10. Teaching critical thinking. It’s not easy to find consensus among educators about what that means or how we do it, and I think we overstate how much we actually do this, but it’s something we tend to value highly. (#2 above is part of this.)
11. Teaching, inspiring, and supporting creativity. There are other sources for this, but teachers can be good at helping students exercise and explore their creative sides.
12. Modeling. Former student and current teacher Justin Kirkes thoughtfully explained on Facebook: “Modeling vulnerability in the learning process, excitement in exploration, curiosity in the unknown. These aren’t behaviors that are always innate in learners, but can be called forth.
Upping the Human Element in Class
Finally, David Brooks recommends that students in higher education develop the following distinctly human skills and dispositions that machines will find hard to replicate.
A distinct personal voice.
A.I. often churns out the kind of impersonal bureaucratic prose that is found in corporate communications or academic journals. You’ll want to develop a voice as distinct as those of George Orwell, Joan Didion, Tom Wolfe and James Baldwin, so take classes in which you are reading distinctive and flamboyant voices so you can craft your own.
Presentation skills.
The ability to create and give a good speech, connect with an audience, and organize fun and productive gatherings seem like a suite of skills that A.I. will not replicate.

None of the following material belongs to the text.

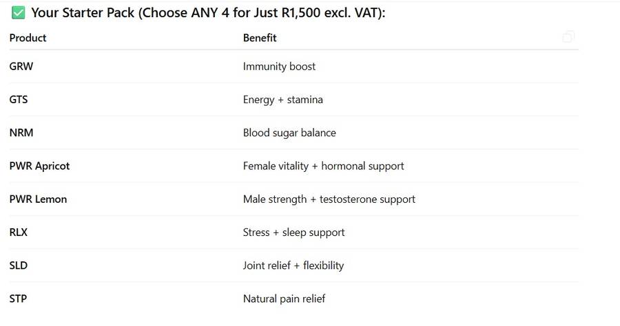 With just 4 essential products (only R375 each), anyone can become part of a system that:

A childlike talent for creativity.
“When you interact for a while with a system like GPT-3, you notice that it tends to veer from the banal to the completely nonsensical,” Alison Gopnik, famed for her studies on the minds of children, observes. “Somehow children find the creative sweet spot between the obvious and the crazy.” You want to take classes — whether they are about coding or painting — that unleash your creativity, that give you a chance to exercise and hone your imaginative powers.
Unusual worldviews.
A.I. can be just a text-prediction machine. A.I. is good at predicting what word should come next, so you want to be really good at being unpredictable, departing from the conventional. Stock your mind with worldviews from faraway times, unusual people and unfamiliar places: Epicureanism, Stoicism, Thomism, Taoism, etc. People with contrarian mentalities and idiosyncratic worldviews will be valuable in an age when conventional thinking is turbo powered.
Empathy.
Machine thinking is great for understanding the behavioral patterns across populations. It is not great for understanding the unique individual right in front of you. If you want to be able to do this, good humanities classes are really useful. By studying literature, drama, biography and history, you learn about what goes on in the minds of other people.
Situational Awareness.
A person with this skill has a feel for the unique contours of the situation she is in the middle of. She has an intuitive awareness of when to follow the rules and when to break the rules, a feel for the flow of events, a special sensitivity, not necessarily conscious, for how fast to move and what decisions to take that will prevent her from crashing on the rocks. This sensitivity flows from experience, historical knowledge, humility in the face of uncertainty, and having led a reflective and interesting life. It is a kind of knowledge held in the body as well as the brain.
Education has traditionally emphasised knowing. However, in recent years, there has been a growing recognition that beingness - attending to the core human condition, who we are rather than what we know - should also be a central attribute of education. This involves turning our focus towards recognising interconnectedness and the inherent messiness of our personal narrative, sustaining attention, navigating complexity and uncertainty, developing compassion towards self and others, and strengthening our ability to make sense and meaning of the world around us, at an individual, group and societal level.
As generative AI becomes a co-agent in our knowledge work, the endeavor to nurture and elevate the human element will ensure the continued relevance of higher education.